Work to complete:
Write exactly the lines running from the start of the material below to the line that includes "Le Québec des années 1960 et 1970", and include no pictures.

Input records:
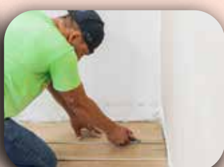
Troca de piso no estúdio do instituto.
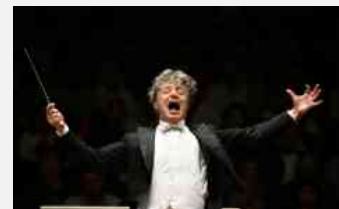
Maggio, il ritorno di Roberto Abbado col violino di Capuçon
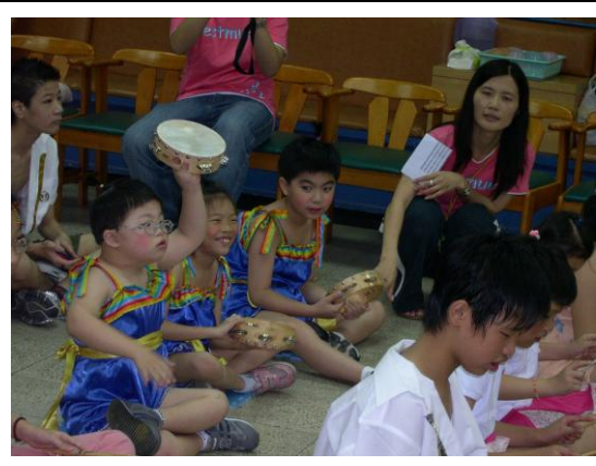
94 學年特教班畢業歡送會
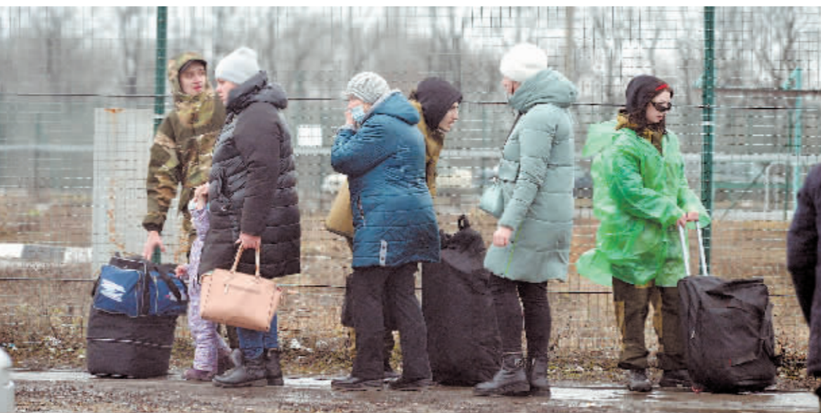
2月24日,来自顿巴斯地区的难民通过一处边境检查站进入俄罗斯罗斯托夫州。

德国副总理兼经济和气候保护部长哈贝克30日宣布,德国进入天然气应急方案预警阶段。他说,目前德国的天然气供应安全仍可得到保证,启动应急方案是为了防止局势进一步恶化。德国已召集危机应对小组对当前的天然气供应情况进行评估,并将采取进一步措施以确保天然气供应。德国天然气应急方案分为预警、警戒和紧急三个阶段。俄罗斯总统普京日前宣布,俄方向欧盟成员国等“不友好”国家和地区供应天然气时将改用卢布结算。
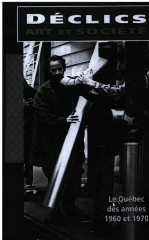
Le Québec des années 1960 et 1970

En y réfléchissant, je trouve que ce type de publication avec photo couleur et graphisme institutionnel est un reflet, au sens non-léniniste, du mobile de la pensée. Et les œu-
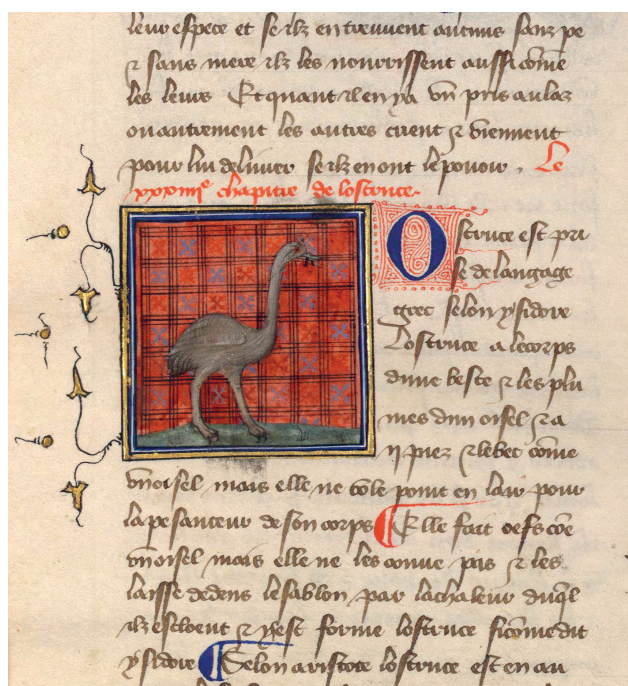
Figure 1: Jean Corbechon, Le Livre des propriétés des choses ( De proprietatibus rerum ), 1372, BnF, Français 16993, détail du feuillet 177 v .

grande île de la Méditerranée à être passée sous contrôle chrétien, dans les années 1230. Elle avait bénéficié dès sa reconquête de restrictions pontificales amoindries pour commercer avec les sultanats musulmans et, même si la politique de prohibitions pontificales avait été pratiquement abandonnée à partir de 1344 5 , Majorque jouissait toujours d'une position privilégiée, face aux terres d'islam.

Result for this exercise:
Troca de piso no estúdio do instituto.
Maggio, il ritorno di Roberto Abbado col violino di Capuçon
94 學年特教班畢業歡送會
2月24日,来自顿巴斯地区的难民通过一处边境检查站进入俄罗斯罗斯托夫州。

德国副总理兼经济和气候保护部长哈贝克30日宣布,德国进入天然气应急方案预警阶段。他说,目前德国的天然气供应安全仍可得到保证,启动应急方案是为了防止局势进一步恶化。德国已召集危机应对小组对当前的天然气供应情况进行评估,并将采取进一步措施以确保天然气供应。德国天然气应急方案分为预警、警戒和紧急三个阶段。俄罗斯总统普京日前宣布,俄方向欧盟成员国等“不友好”国家和地区供应天然气时将改用卢布结算。
Le Québec des années 1960 et 1970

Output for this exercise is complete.